A shrinking violet, she is not. The overwhelming impression, rather, is that Winslet is a normal, healthy, robust, ordinary mother of two who just happens to be A Movie Star. She has always felt the need to display her common touch. Kate Smokes Golden Virgina Roll-Ups! Kate Eats Marmite on Toast! Kate Travels By Underground!

"I was on the Tube just before Christmas," she recounted in one interview, "and this girl turned round to me and said, 'Are you Kate Winslet?' And I said, 'Well, yes. I am actually.' And she said, 'And you're getting the Tube?' And I said, 'Yes.' And she said, 'Don't you have a big car that drives you around?' And I said, 'No.' And she was absolutely stunned. It was ludicrous." Why ludicrous? Sometimes, one feels, she is trying too hard NOT to be a movie star. Perhaps it is her way of rebelling against her heritage.

She was born Katherine Elizabeth Winslet on 5 October 1975 in Reading, Berkshire. Her parents, Roger Winslet and Sally Bridges, were both actors. Oliver and Linda Bridges, her maternal grandparents, founded and operated a repertory theatre in Reading . Her sisters, Beth and Anna, are both in the business.

At 11 she went to Redroofs Theatre School. Her first television appearance was opposite the Honey Monster in a cereal commercial. A co-starring role in the BBC children's science fiction serial Dark Season in 1991 followed, then the made-for-television movie Anglo-Saxon Attitudes in 1992 and an episode of Casualty in 1993. The following year delivered the break that made her name. She got hold of a script of Heavenly Creatures.

"I was reading the script in the back of the car," she recalled, "and I turned to my dad and yelled, 'I've GOT to get this!' And he replied, 'Then you will.' And I thought, 'Yep, that's it. I'm bloody well going to.' And that was it. I was so determined. It was something crucial to my life."

She was working part-time in a local deli when the call came through that she had got the part of Juliet Hulme. She hasn't had to do much sandwich-making since. She passed from the modestly budgeted Sense and Sensibility into the most expensive and highest-grossing movie in the history of cinema, Titanic. (She missed the premiere in 1995 to attend the funeral of a former boyfriend, Stephen Tredre.)

Winslet was made, and, typically, decided to turn her back on Hollywood and make interesting indie movies like Hideous Kinky (for which she turned down the lead in Shakespeare in Love) and Holy Smoke.

Her personal life did not follow quite such a smooth trajectory. On 22 November 1998, Winslet celebrated her marriage to aspiring director Jim Threapleton in a pub, over sausages and mash. She gave birth to a daughter, Mia Honey, on 12 October 2000. The subsequent divorce generated some of the only truly bad press Winslet has ever had.

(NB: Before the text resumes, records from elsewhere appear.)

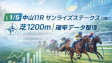 中山11R「迎春ステークス(3勝クラス)」は、芝2200mで行われる定量戦です。
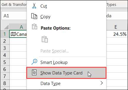 Yhdessä tiedot luettelossa, voit tarkastella mitä kutsutaan Data Type Card sijaintisi. Tämä antaa sinulle tilannekuvan tietoja tarrat. Nähdä se, vain hiiren kakkospainikkeella solua sisältävä sijaintisi, ja valitse sitten ”Näytä Data Type Card.”
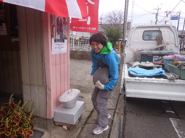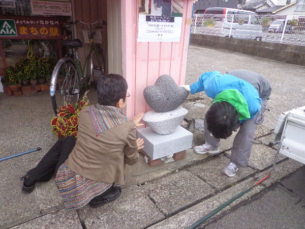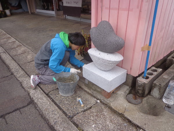 杉尾さんにとって生まれて初めて作った石の作品が公共空間に設置されるので、自分の手で設置を行ないたかったのです。
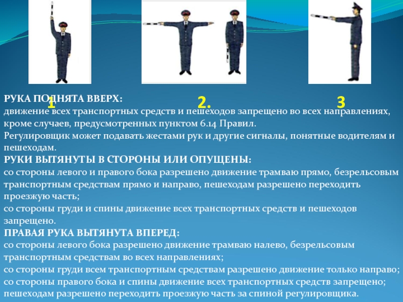 Регулировщик может подавать жестами рук и другие сигналы, понятные водителям и пешеходам.
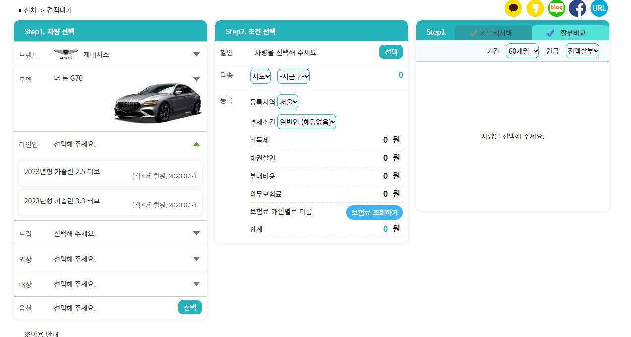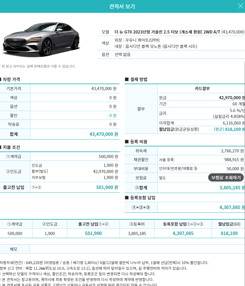 차량 구매 전에 미리 견적서 하나 뽑아서 가신다면 딜러에 말에 휘둘리지 않고 차량을 잘 선택할 수 있으니 미리 해보시는 것을 매우 추천해 드립니다.
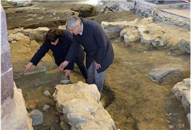 Ende dieser Woche werden die archäologischen Grabungen des Landesamts für Bodendenkmäler in der Alten Pfarrkirche von Schenna beendet. Neben Münzen und Keramikteilen sowie einer Gewandspange wurden zwei Gebäude aus der Römerzeit und eine Kirche aus dem frühen Mittelalter ausgegraben. LR Florian Mussner hat sich heute, 14. März, vor Ort mit Archäologin Catrin Marzoli die Ausgrabungen angeschaut.
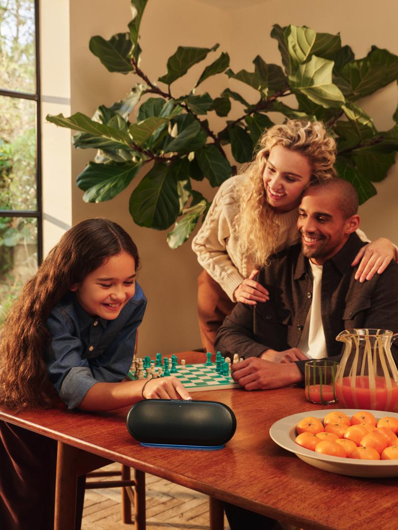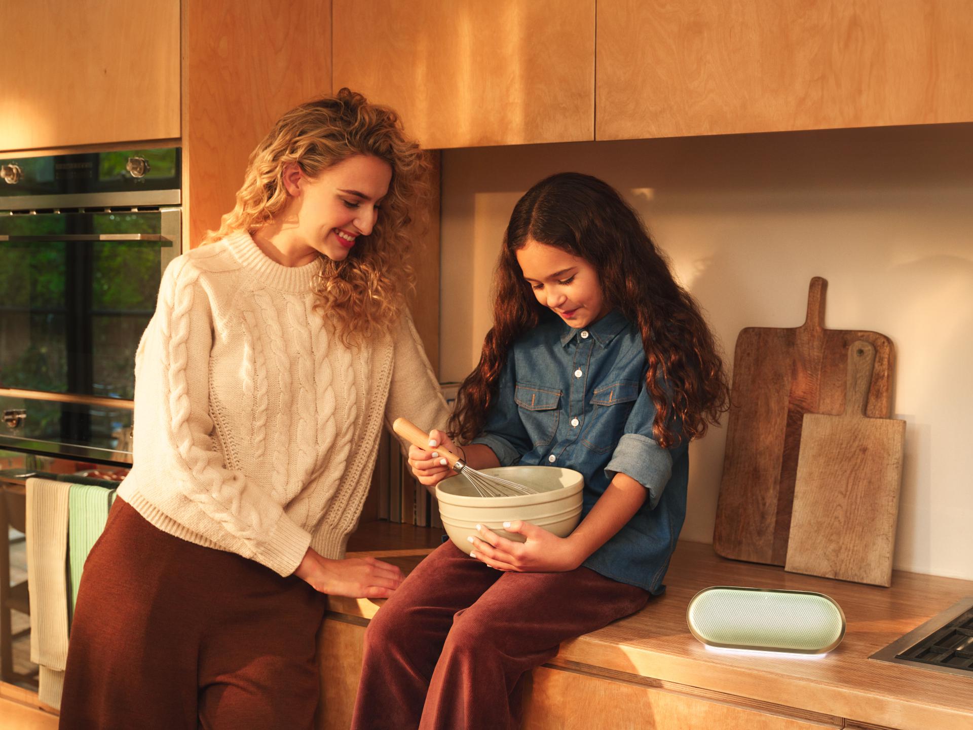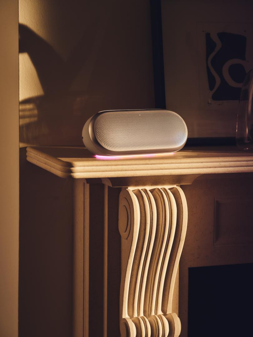 Luna 2 łączy kompaktową formę z solidną konstrukcją opartą na aluminium pochodzącym częściowo z recyklingu. Ergonomiczny kształt oraz lekko pochylona bryła ułatwiają przenoszenie i ustawienie głośnika w różnych przestrzeniach. W kuchni, salonie, na tarasie – Luna 2 odnajdzie się wszędzie.
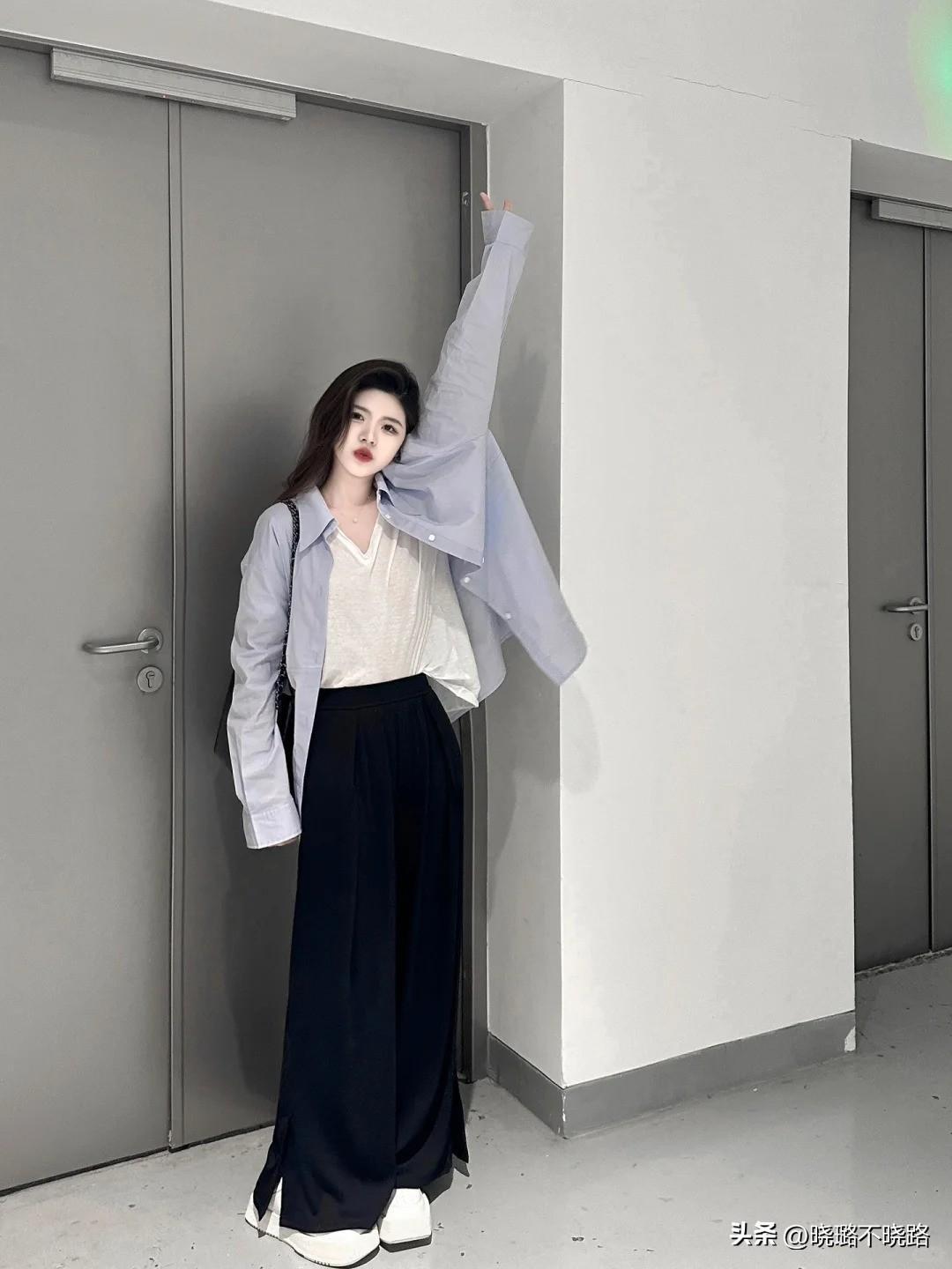 ·搭配組合:白色打底衫+灰色襯衫外套+直筒開叉闊腿褲

In 2001, she fell for director Sam Mendes, whom she married in 2003 on the island of Anguilla in the Caribbean. Mendes is Winslet's equal in success and they form an appropriately glamorous couple, dividing their time between houses in New York and the Cotswolds.

"Her secret is not to fit into any mould," says Wise. "She is always stretching herself and does that in life as a wife and mother."

A detached ob- server may have noted that she stretched herself a tad too far on Parkinson last week when she cried on relating what Mendes said after seeing Little Children - "You have so many secrets."

Given that the first sex scene involves her sitting naked on a washing machine being thoroughly serviced by her leading man, perhaps she should have introduced Sam to the alternative uses of a laundry room before he saw the movie.